DATA PROVIDED:

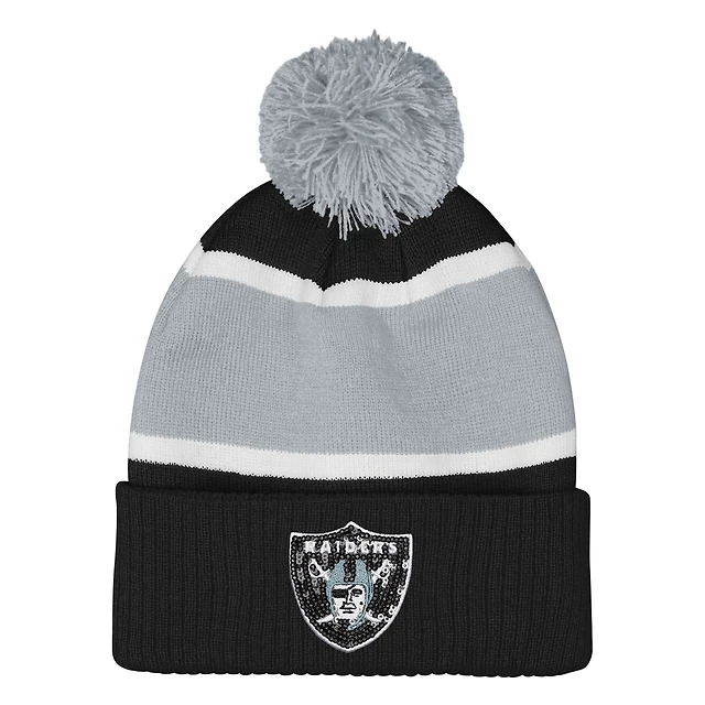 Girls Outerstuff Black Las Vegas Raiders Let's Play Cuffed Knit Hat with Pom
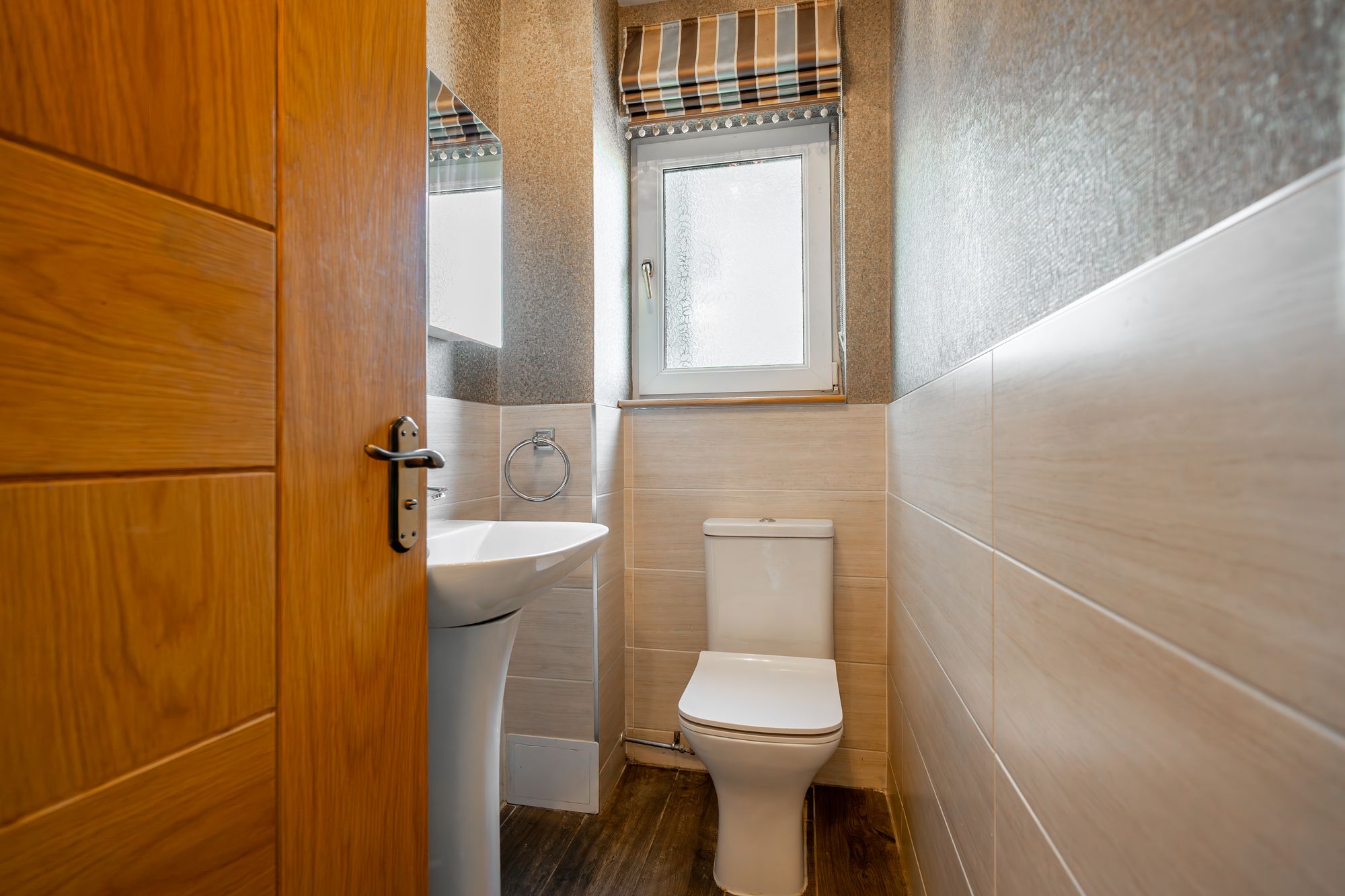 The accommodation is thoughtfully arranged to suit modern family life. A welcoming entrance porch leads into a spacious sitting room, while the fully fitted dining kitchen provides a sociable hub for everyday living and entertaining. A versatile ground level room offers the flexibility of a family room or 5th bedroom, complemented by a convenient WC. Upstairs, there are four further double bedrooms, each enjoying pleasant outlooks, and a well-appointed family shower room.
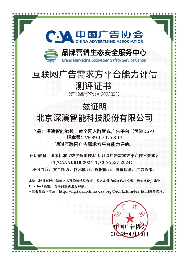 4月10日,中国广告协会发布「互联网广告需求方平台能力评估」测评结果。Martech领域领军企业GA黄金甲智能旗下产品GA黄金甲智能数投一体全网人群智选广告平台(优驰 DSP),凭借其在智能算法优化、技术创新、数据安全治理及流量质量管控等维度的突出表现,高分通过该项行业权威测评,获颁中国广告协会评估证书,成为业内首批通过认证的标杆企业。

EXERCISE:
All of the data, minus its pictures, should be repeated exactly.

OUTPUT BELOW:
 Girls Outerstuff Black Las Vegas Raiders Let's Play Cuffed Knit Hat with Pom
 The accommodation is thoughtfully arranged to suit modern family life. A welcoming entrance porch leads into a spacious sitting room, while the fully fitted dining kitchen provides a sociable hub for everyday living and entertaining. A versatile ground level room offers the flexibility of a family room or 5th bedroom, complemented by a convenient WC. Upstairs, there are four further double bedrooms, each enjoying pleasant outlooks, and a well-appointed family shower room.
 4月10日,中国广告协会发布「互联网广告需求方平台能力评估」测评结果。Martech领域领军企业GA黄金甲智能旗下产品GA黄金甲智能数投一体全网人群智选广告平台(优驰 DSP),凭借其在智能算法优化、技术创新、数据安全治理及流量质量管控等维度的突出表现,高分通过该项行业权威测评,获颁中国广告协会评估证书,成为业内首批通过认证的标杆企业。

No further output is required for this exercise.